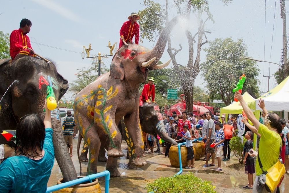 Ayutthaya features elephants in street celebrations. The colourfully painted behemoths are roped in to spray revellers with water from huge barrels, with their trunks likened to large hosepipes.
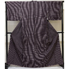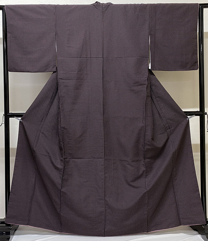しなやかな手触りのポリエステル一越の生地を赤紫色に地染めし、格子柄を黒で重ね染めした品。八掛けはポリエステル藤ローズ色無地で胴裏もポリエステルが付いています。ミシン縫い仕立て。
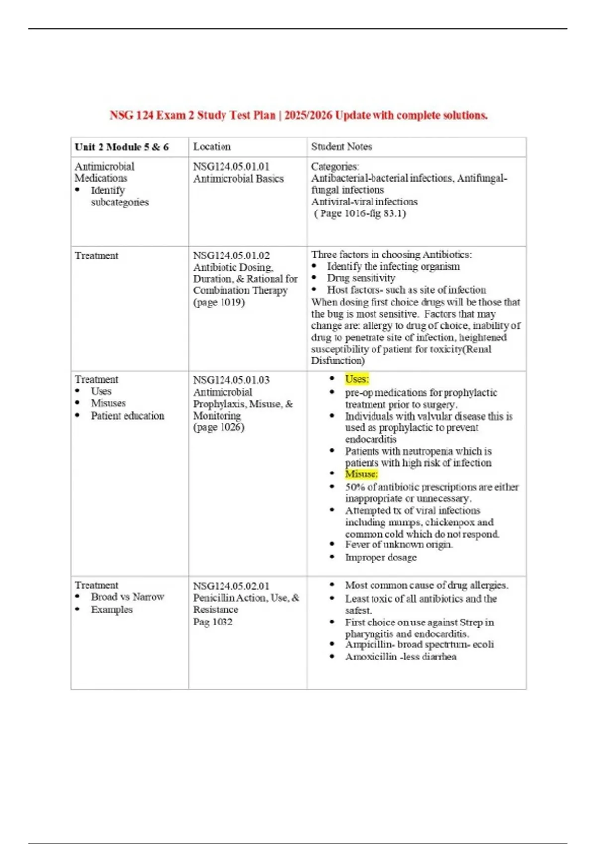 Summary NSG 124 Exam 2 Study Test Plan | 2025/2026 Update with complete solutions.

════════

Assigned task: Please write out the lines above exactly, from the one that contains "しなやかな手触りのポリエステ" through the final line, and include none of the pictures.

Output below:
しなやかな手触りのポリエステル一越の生地を赤紫色に地染めし、格子柄を黒で重ね染めした品。八掛けはポリエステル藤ローズ色無地で胴裏もポリエステルが付いています。ミシン縫い仕立て。
 Summary NSG 124 Exam 2 Study Test Plan | 2025/2026 Update with complete solutions.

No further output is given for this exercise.